Die Dynamik der Wesensglieder

Florian Osswald

Die Entwicklung des Menschen beschreibt gleichzeitig diejenige der Wesensglieder. Wir sehen auf der körperlichen Ebene, wie sich der physische Leib Schritt für Schritt vom Säugling zum erwachsenen Menschen entwickelt. Darüber hinaus nehmen wir einen Organismus wahr, in dem sich die Lebens- und seelischen Prozesse in Laufe der Zeit zunehmend von der physischen Entwicklung emanzipieren und vom Menschen bewusst ergriffen werden.

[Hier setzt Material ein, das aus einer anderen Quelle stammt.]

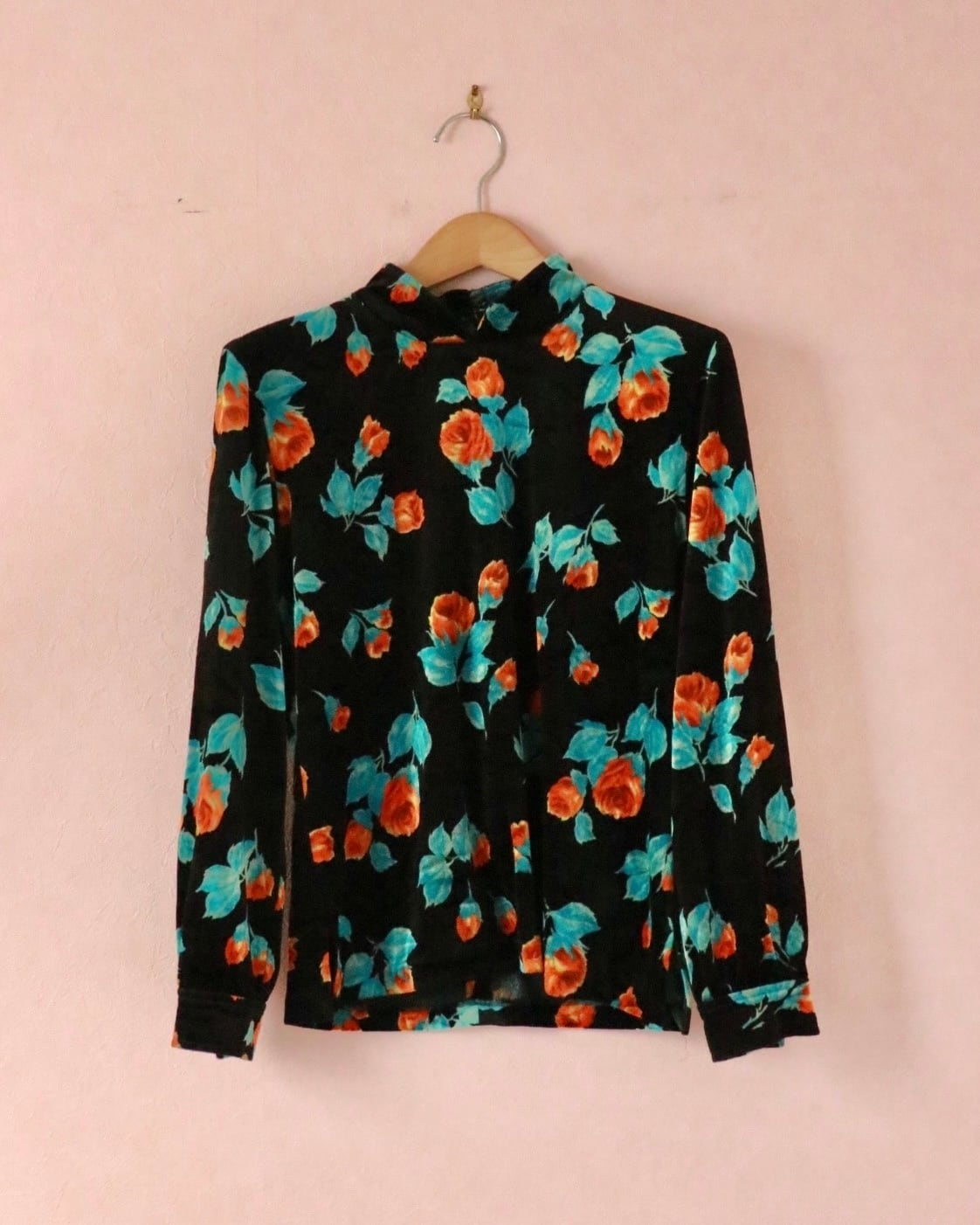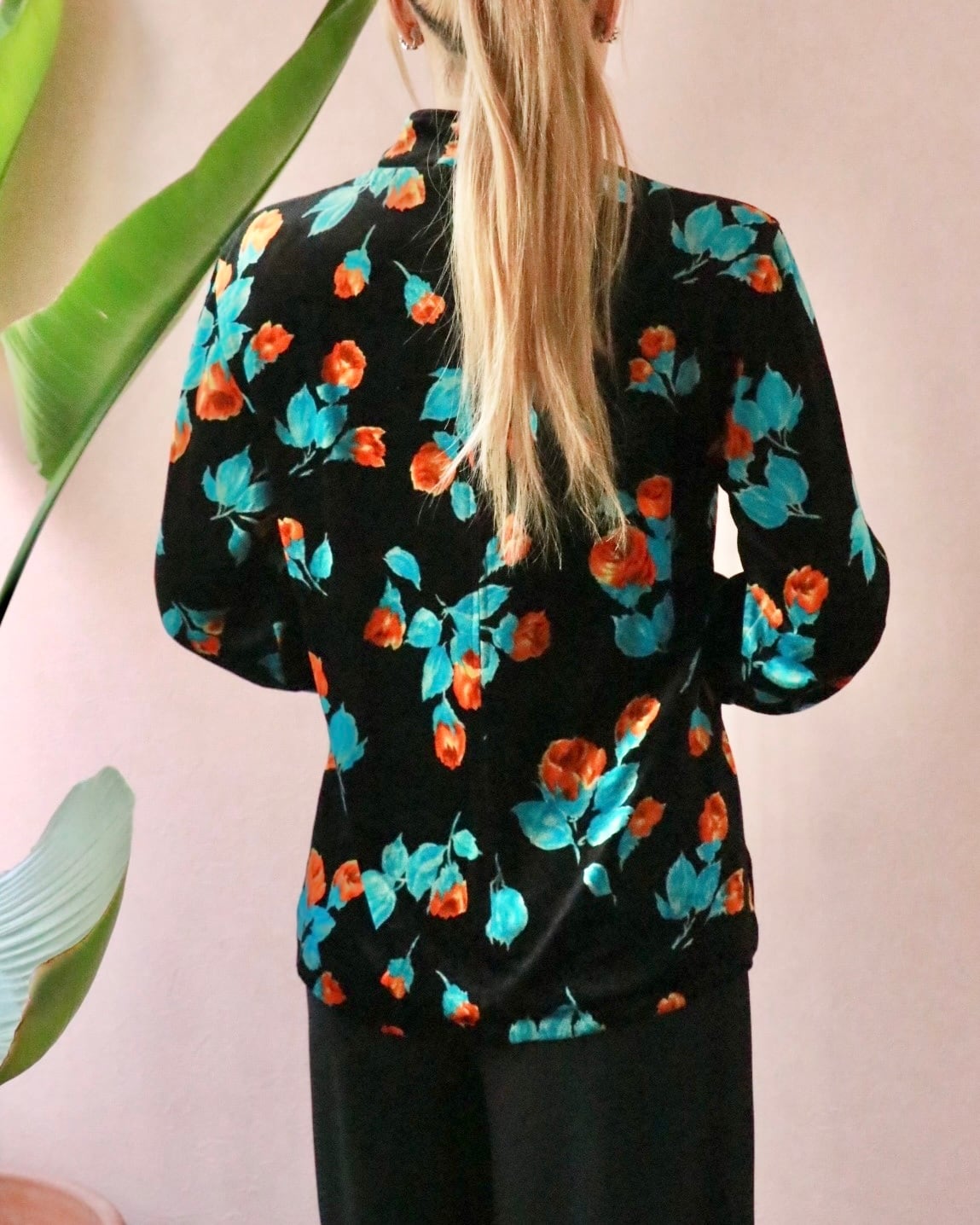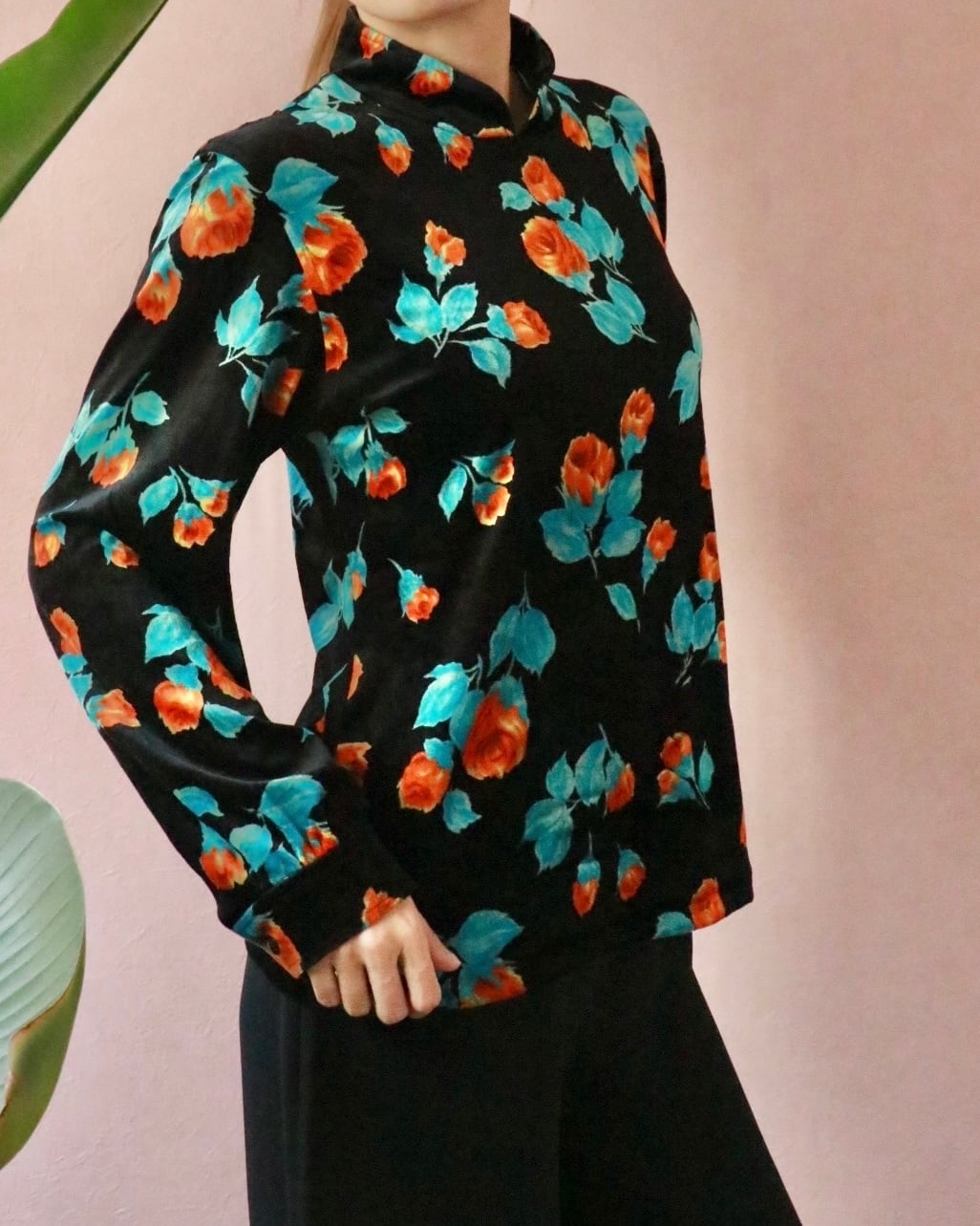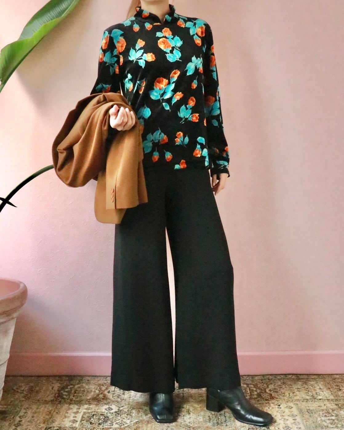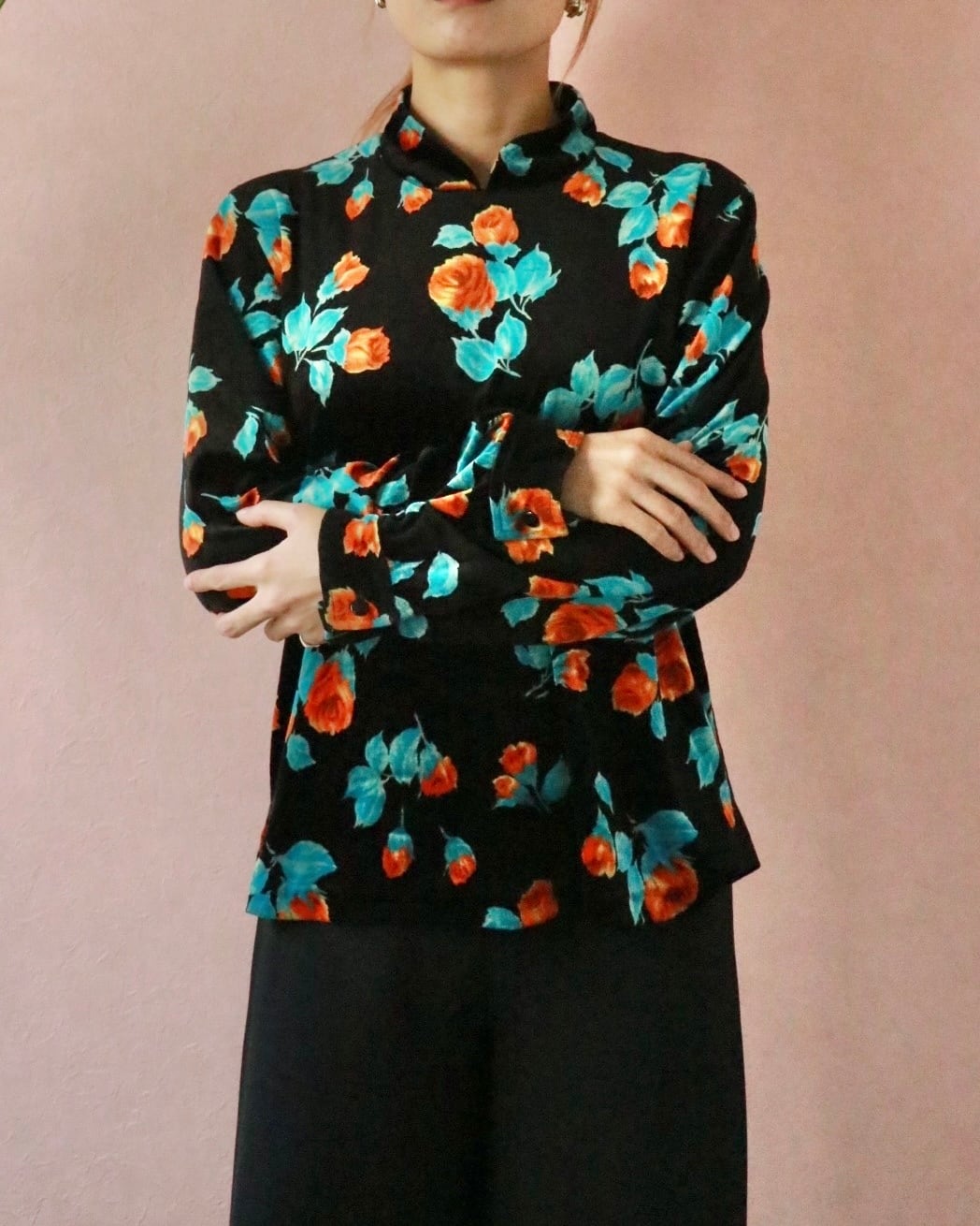 柔らかな光沢を放つベロア生地に、ウンガロらしい鮮やかなフローラルが咲き誇る一枚。深みのあるブラックにターコイズとオレンジの花柄が映え、華やかさと大人の余裕を同時に叶えてくれます。デイリーからオケージョンまで幅広く着られるトップスです。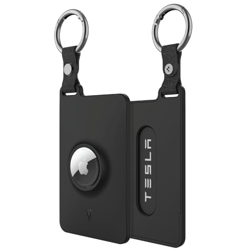TUDIA Card Holder Case Designed for Tesla Key Card with Airtag Slot - [2 Pack] KeyCard cover for Model 3 Y S X Cybertruck with Carabiner & Scratch-Resistant Protective Card Film (Black)

Im Unterschied zum Erwachsenenalter ist die Wechselwirkung der Wesensglieder bei den Kindern vor allem eine zwischenmenschliche. Das jeweils höhere Wesensglied des Erziehenden wirkt auf das nächst niedere des Kindes. So ist es unerlässlich, dass der Erwachsene sich dieser Wirkung bewusst ist und vor allem an seinem eigenen Denken, Fühlen und Wollen arbeitet.

Erzieher                 Kind
Ätherleib                physischer Leib
astralischer Leib     Ätherleib
Ich                        astralischer Leib
Geistselbst             Ich

Diese Wirkung verläuft unterhalb der Bewusstseinsschwelle. Für eine gelingende Beziehungskultur ist es jedoch unerlässlich, Licht in diese Prozesse zu bringen.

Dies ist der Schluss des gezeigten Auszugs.